2. In the first quarter of 1995, the company reported an extraordinary loss
of $19 million (net of income taxes of $12 million) representing the
redemption premiums on the repurchases of all the company's outstanding
12 5/8% Subordinated Debentures at the redemption price of 102.5% of the
principal amount thereof and write-offs of deferred loan costs associated
with the prepayment or repurchases of all indebtedness outstanding under
the company's 1988 Bank Credit Agreement, the 1993 Term Loan and the
Senior Secured Floating Rate Notes on March 16, 1995, and the repurchase
of all outstanding 12 5/8% Subordinated Debentures and 14 1/8% Junior
Subordinated Discount Debentures on April 15, 1995. In the first quarter
of 1994, the company reported an extraordinary loss of $28 million (net of
income taxes of $15 million) representing the redemption premiums and
write-offs of deferred loan costs associated with the repayment of $100
million of term loan indebtedness under the company's 1988 Bank Credit
Agreement on February 10, 1994 and the repurchases of all the company's
remaining 12 3/8% Senior Subordinated Notes and $238 million of the
company's 12 5/8% Subordinated Debentures on March 11, 1994.

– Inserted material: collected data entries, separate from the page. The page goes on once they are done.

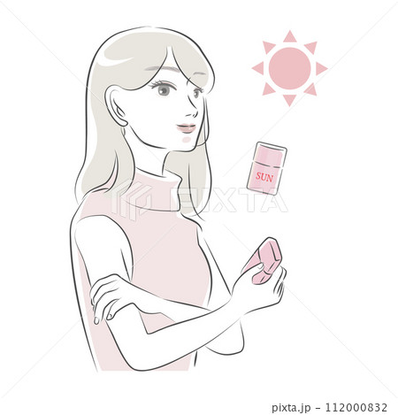 日焼け止めを塗る女性のイラストセット(ピンク)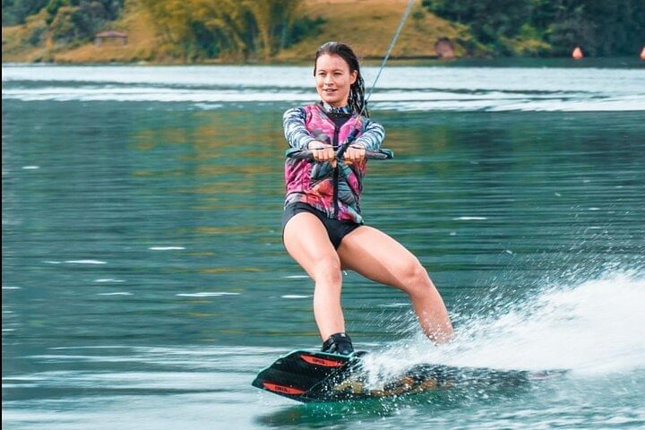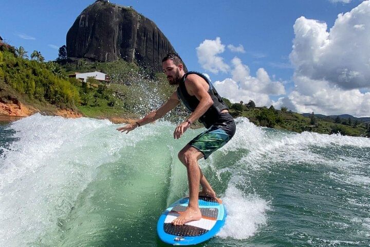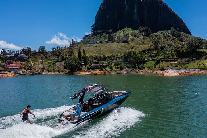 Experience the thrill of wakeboarding in the stunning setting of Guatape's expansive lake. Feel the rush as you carve through the crystal-clear waters, surrounded by the breathtaking beauty of lush green hills and scattered islands. Whether you're a seasoned pro or a first-time rider, this giant lake offers the perfect canvas for an adrenaline-pumping adventure. Glide, flip, and soar as you embrace the sheer joy of wakeboarding in the heart of Colombian paradise.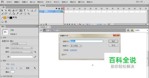 点击【插入】-【建新元件】-选择【影片剪辑】

3. Assuming that all components of the recapitalization had been consummated
as of January 1, 1995, for the second quarter and first six months of
1995, pro forma interest expense would have decreased $2.6 million and
$16.2 million from amounts reported to $73.7 million and $146.9 million,
respectively. After adjusting the income tax (credit) for the decrease in
interest expense at an effective rate of 38.5%, the pro forma net income
(loss) before extraordinary item and pro forma net income (loss) per share
before extraordinary item (assuming that 63,371,000 weighted average
shares were outstanding for the periods) would have been $9.2 million and
$0.15 per share for the second quarter of 1995 and $8.1 million and $0.13
per share for the first six months of 1995, respectively.